I'm missing something fundamently. Since I have been struggeling with VLANs, and finally know how to set them up, I do see that I can create an interface for the VLAN and I can enter private IP-range there just like on the LAN-interface. So I think somewhat of a solution is to enter the public static IP-ranges (for instance /28s). But then I need to first remove the /24 and then add each subnet again - to each vlan. This way, no overlapping and I will both have subnetting and more isolated traffic.
However: Is there a way to add interfaces (like several subnets) to the pfSense LAN (remove the /24 assignment first) WITHOUT using vlans and interfaces from there is basically something I wonder I think.. Without introducing seperate router/extra switches. Having a seperate VLAN for each customer I suspect will be hard to manage in the GUI after a while.
-
@fireix said in VLAN on D-link:
How to you set up the subnets when only one subnet is allowed on the pfSense LAN side?

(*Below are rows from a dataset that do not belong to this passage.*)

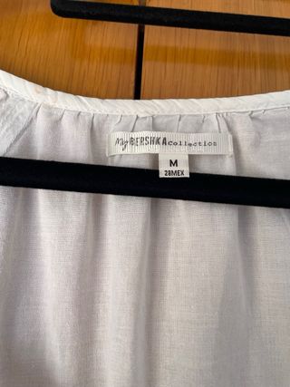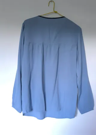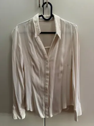 Blusa de Bershka con un diseño delicado y elegante. - Tejido ligero con textura de topos. - Escote en V. - Cierre de botones. - Mangas largas abullonadas. Cualquier pregunta no dude en hablarme, precio negociable.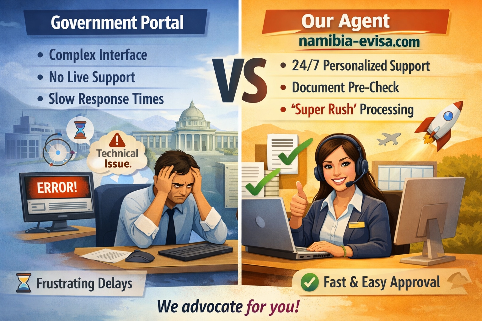 Agent (namibia-evisa.com): We provide 24/7 personalized support, document pre-checking to prevent rejection, and expedited "Super Rush" options that the official portal does not offer. We act as your advocate to ensure a smooth approval.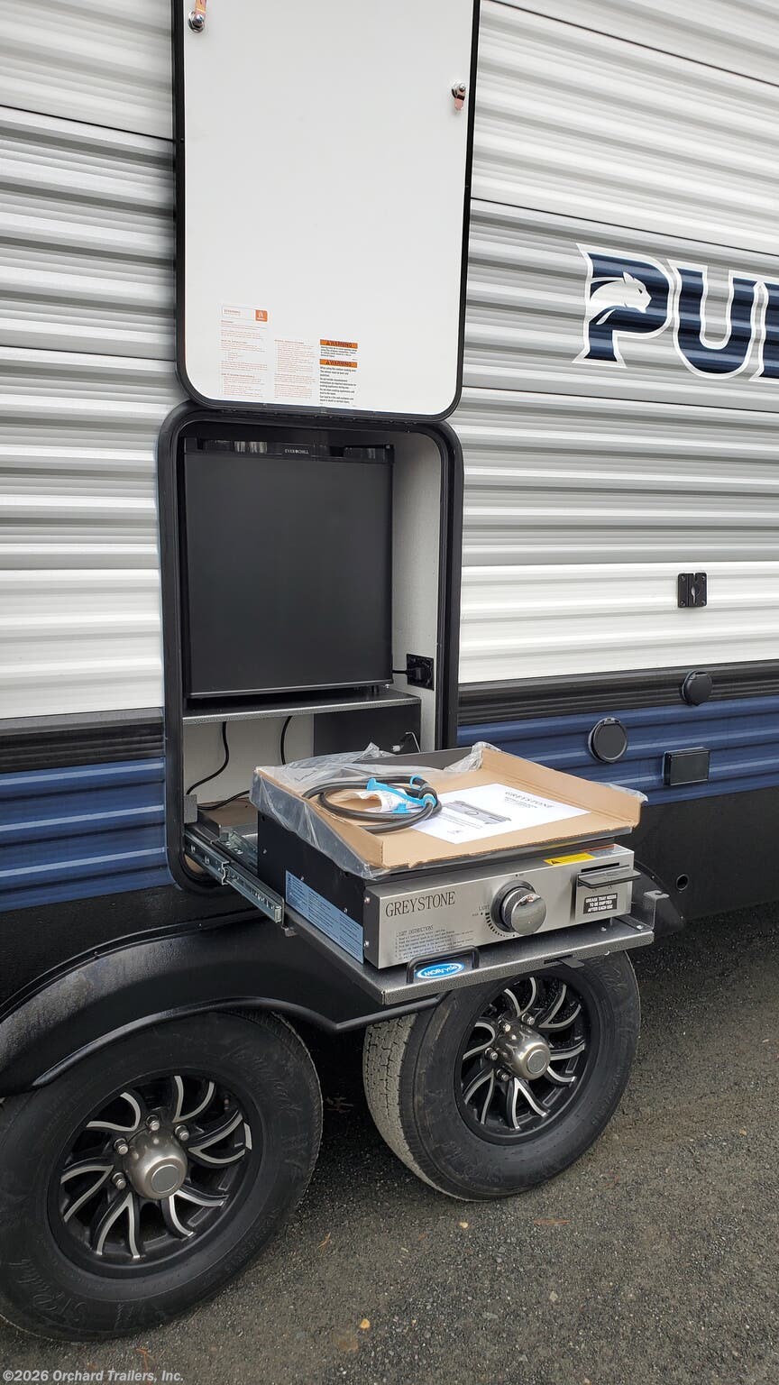 New 2026 Forest River Puma 337BH travel trailer. Fantastic bunkhouse floor plan with unique features! Two rear seperate rear bunk rooms! Comfortable front master bedroom with pass-through storage beneath, and residential queen bed. GE Air conditioner. 11cuft 12v refrigerator with door that opens both ways! Theater seating. Booth dinette converts to a bed. Electric fireplace. Smart TV. Pass-through bathroom features glass shower surround, seat in shower, and lots of storage. Outside kitchen with additional refrigerator and griddle! Call today for more info!

Huh, who says only 1 subnet is allowed on the lan side.. I have 8 different networks on the lan side all using different address space. Currently they are all /24 but that has nothing do with anything they could be /22s they could be /29s, etc.
How many networks are you wanting to created - a /24 isn't going to support many customers if you break those up into /28s
-
@johnpoz 8? That's child's play... my new network has 15.

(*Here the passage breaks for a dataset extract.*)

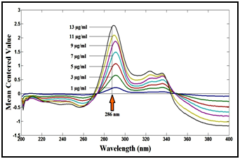 - For mean centering method: The absorption spectra of intact lomefloxacin hydrochloride were divided by the spectrum of its degradation product (7µg/ml) then the ratio spectra (from 200 to 400nm) were mean centered and the mean centered values were measured at 286nm. The measured mean centered values versus the final concentrations in μg/ml were plotted to get the calibration graph and the regression equation was derived.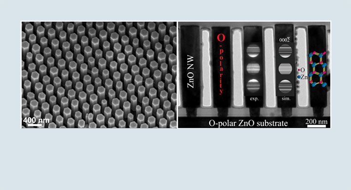 Controlling the polarity of ZnO nanowires in addition to their structural uniformity is critical for their real-world integration into electronic, optoelectronic, and photovoltaic devices. We have recently demonstrated, by combining selective area growth using electron beam lithography with low-temperature chemical bath deposition, the fabrication of epitaxial ZnO nanowire arrays with great structural uniformity and optical quality as well as with controllable homogeneous oxygen or zinc polarity.

Of course 5 of them are for testing pfSense releases...
-
@rcoleman-netgate hhehee but I thinks his point it might be cumbersome to manage 2000 some networks off of pfsense.. Yeah it would, not really something I would think you would be doing ;)

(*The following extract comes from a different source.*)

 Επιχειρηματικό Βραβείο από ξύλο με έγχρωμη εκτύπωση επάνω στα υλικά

Out of your 24 you could create 16 /28s - that should be easy enough to manage, or even /29s wouldn't be something you couldn't do pretty easy.
But yeah you start getting into the 100s of interfaces it might be a bit cumbersome
-
@johnpoz Hmm.. maybe I was thinking it was more complicated ;) I was thinking it was special since I have public static IPs on the non-wan side of the firewall and stuff, but maybe not..
But what would you choose on the LAN-interface from start? Would I just choose one random subnet of the (for instance) /28s out of all I want and then just start using the rest on servers?
I set up at /28 (for example) on the VIP (lan), one for each subnet - or isn't that needed either - to use as gw for each subnet?
-
@fireix said in VLAN on D-link:
) on the VIP (lan), one for each subnet
What? VIP?
Why would you do vips? This isn't difficult, using public behind pfsense is just as using rfc1918, you just don't nat it.. Its that simple.
-
@johnpoz So no setup at pfSense at all except firewall rules?
-
@fireix you have to setup the interfaces or vlan on an interface. But there is nothing special to do other than disable the nat..
The only difference in running 192.168.0/24 vs 42.15.16.0/28 for example would be you don't nat that network to some public interface, because the whole 42.15.16/24 is routed to you.
So there is not port forwarding required, etc. Just firewall rules that you allow or block traffic with.
-
@johnpoz That sounds great :) But when you say "interfaces"... Can I put more than one network on one interface - assume I have one LAN-port on my pfSense. I suspect not. Now I have the entire /24 on LAN-port. So let say I have one port for WAN and one for LAN.
I don't get it ;)
-
@fireix they are called vlans - the exact subject of your thread.. Yes you can put more than one network on a physical interface - via vlans!